Data extracted from a collection:
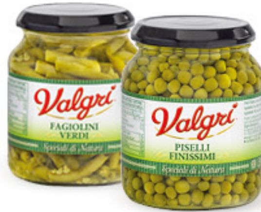
VALGRÌ • PISELLI FINISSIMI • FAGIOLINI VERDI G 340
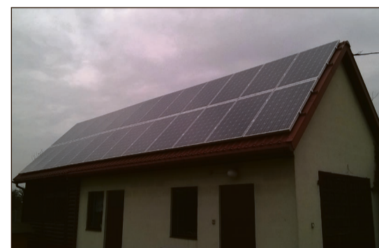
Panele słoneczne
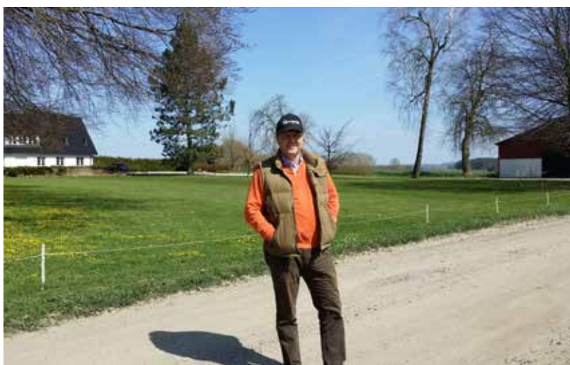
Artikelförfattaren själv, dagen när Karups Gård köptes
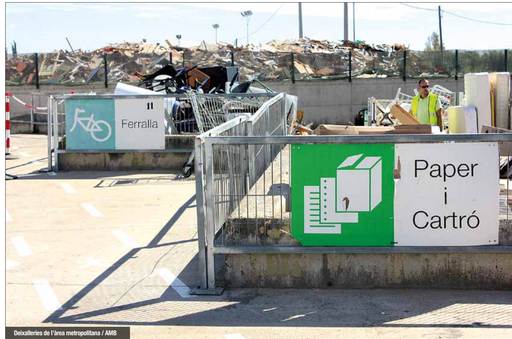
Deixalleries de l'àrea metropolitana / AMB

L'estratègia és visibilitzar que les deixalleries existeixen com punts on poder reaprofitar objectes, comprar-ne, intercanviar o fins i tot fer cursos on s'ensenya a reconvertir certs residus en material útil durant el dia a dia. "Tenim una xarxa de deixalleries prou potent que s'utilitza poc i volem apropar-les al ciutadà. Han de ser centres més actius i participatius", insisteix Eloi Badia.
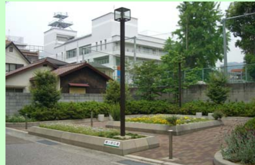
花壇等、広場として整備 (芦屋市精道町)

利用型は、住民のみなさんの要望を反映した整備を行い、沿道市及び地域の団体のみなさんが管理をしています。
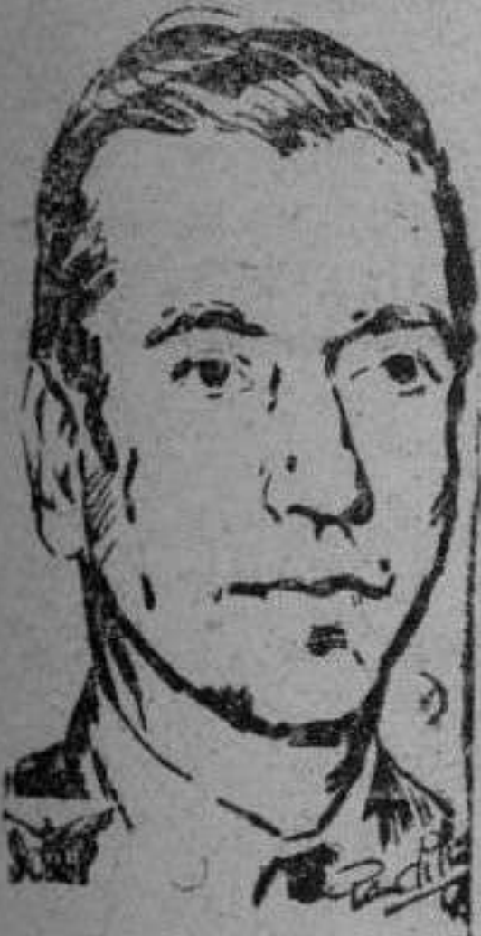
Hipólito J. Paz

Buenos Aires, 28. - El Ministro de Asuntos Exteriores argentino, Hipólito Jesús Paz, después de una larga conferencia con el Presidente, el Ministro de Economía, Roberto Areas, y el de Defensa, Gómez Morales, el Gobierno pedirá a Gran Bretaña una explicación sobre algunas palabras del Ministro de Alimentación inglés, Maurice Webbs, según las cuales la Argentina está practicando un chantaje contra Gran Bretaña en las negociaciones de un nuevo acuerdo comercial.
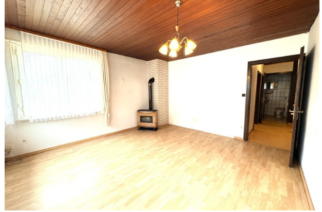
EG_Wohnzimmer (3) (Benutzerdefiniert)
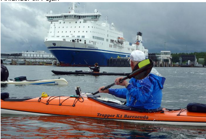
Passerar nyanlönt fartyg vid Kapellskår

Vi går iland på badplatsen som var vår startpunkt och känner oss nöjda. Vi har trots svår väderprognos haft mycket tur tycker vi. Vi har kunnat komma till ställen vi ville se såsom Håkansskär och Söderarm. Visserligen blev två dagar kortare ur paddlingssynpunkt pga vindarna. Doppen blev färre pga badtemperatur och väder. De cacher som var gömda hittades och vi hade trevligt umgänge (som vanligt!)
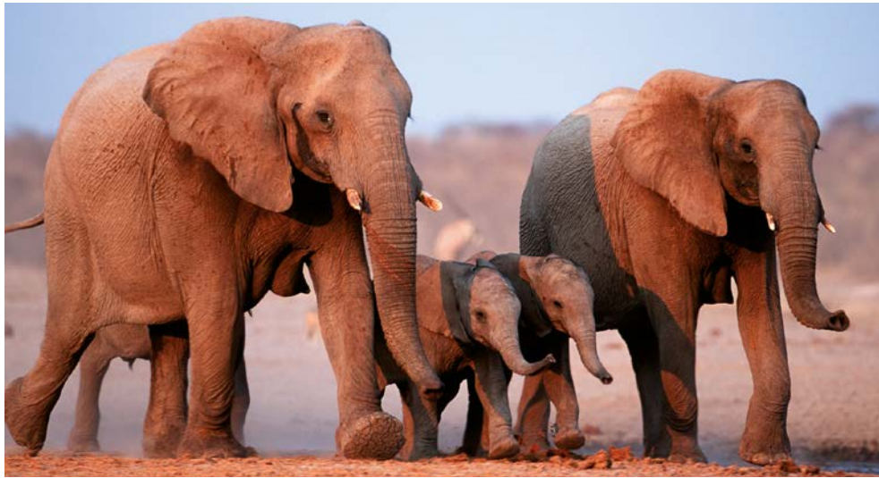
Erleben Sie Elefanten hautnah!
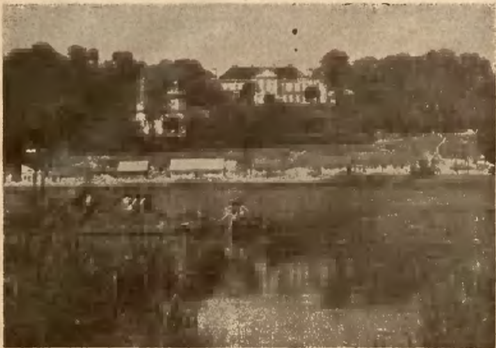
WISNIOWIEC. PAŁAC NAD HORONYEM
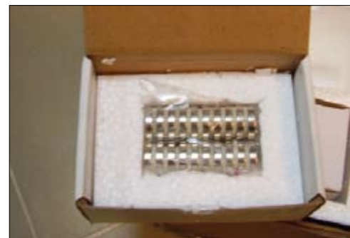
UNIT BOX: scatoline e poi imballo tipi Alveare.
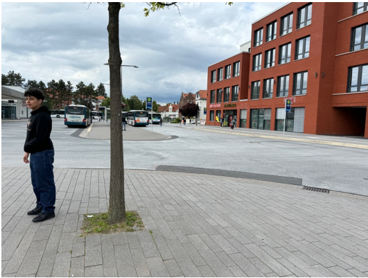
Kleine Baumscheiben und starke Versiegelung im Bahnhofsvorbereich
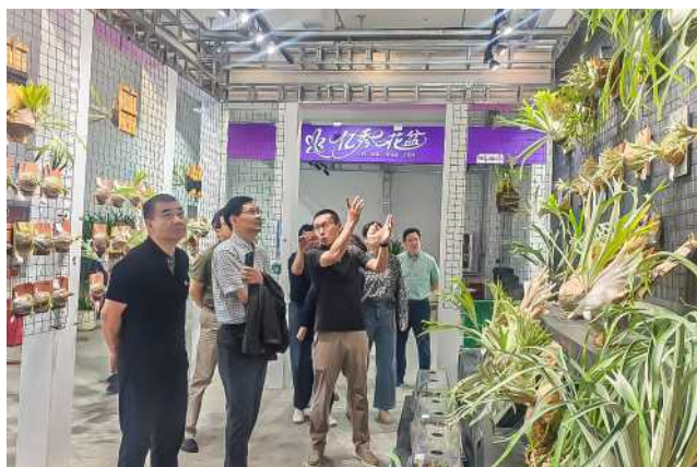
5月29日上午，区人大机关党支部开展“花谷蝶变看振兴，实干担当促发展”主题党日活动
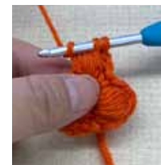
糸をかけて 引き抜きます。
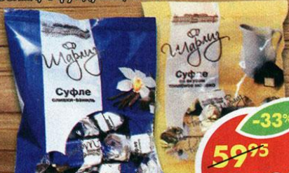
СУФЛЕ ШАРЛИЗ, топленое молоко, сливки-ваниль, 200 г
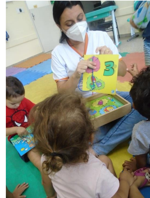
Atividade com alinhavo
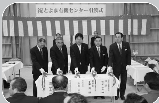
▲スイッチを押して攪拌機を始動させる関係者

とよま有機センターの完成に伴い、引渡式が12月28日、同センター内で行われ、県農業公社や市、JAみやぎ登米の関係者ら約50人が出席しました。施設は9,345平方 か メートルの敷地に、発酵棟や保管棟などが建てられ、オープン式攪拌機設備、脱臭・袋詰設備などが整備されています。年間の稼働日数は300日で、堆肥生産量は4,770 ト です。
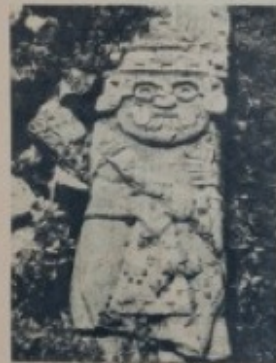
Escultura de la Diosa, en Teayoy, más algunas de Teayoy que se encuentran en Teayoy, en
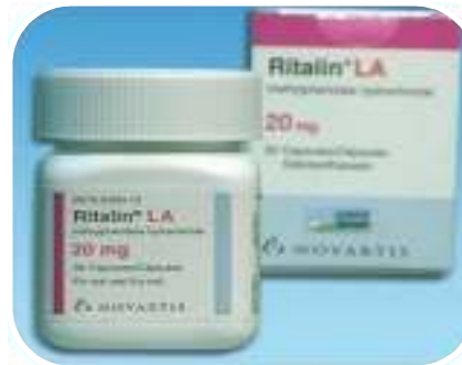
Ritalin® kapsz. (metilfenidát)
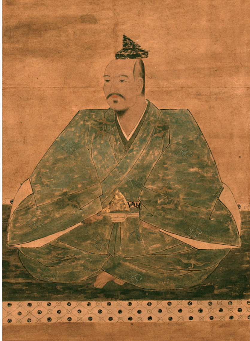
武田晴信公画像(武田神社 所蔵)
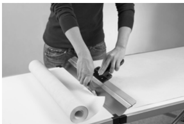
Раскрой обоев на полотна

Общим правилом является следующее: основание должно быть сухим, прочным, способным равномерно впитывать влагу, чистым, нейтральным и гладким.
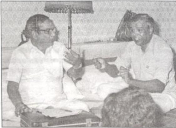
"ರಂಗನಾಯಕಿ" ಚಿತ್ರದ ಹಾಡುಗಳ ರಾಗ ಸಂಯೋಜನೆಯ ಸಂದರ್ಭದಲ್ಲಿ ಸಂಗೀತ ನಿರ್ದೇಶಕ ಎಂ. ರಂಗರಾವ್ ಮತ್ತು ಪುಟ್ಟಣ್ಣ ಕಣಗಾಲ್.
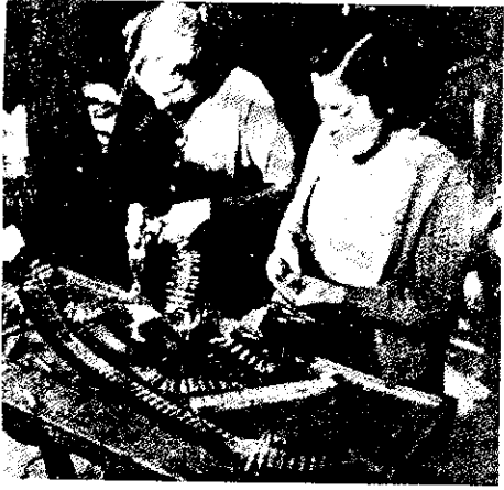
▲ 126. Esfuerzo de guerra. Barcelona. Taller de automóviles convertido en fábrica de bombas.
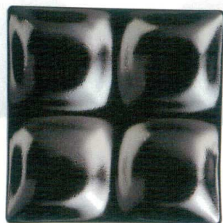
3-471-05 1201628 【A】フォープレート 黒石目 ¥1,550 172×172×H28 櫃150
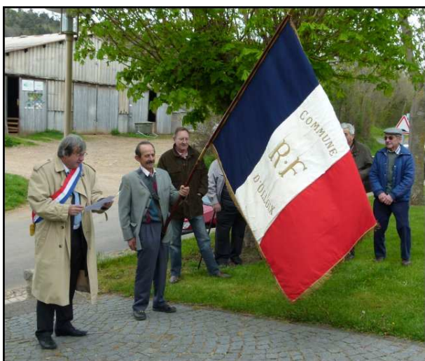
La lecture de l'allocution par M. le Maire

C'est par un temps maussade qu'au monument aux morts a eu lieu, la traditionnelle cérémonie commémorant l'armistice du 8 mai 1945. ; après avoir écouté l'allocution du Ministre Gérard Longuet, dans la bouche de notre maire, tout le monde s'est retrouvé au préau pour le pot de l'amitié.

What you are asked to do
Tally, across the records, each line that contains the word "algunas", and answer with nothing except the count.

Your solution
2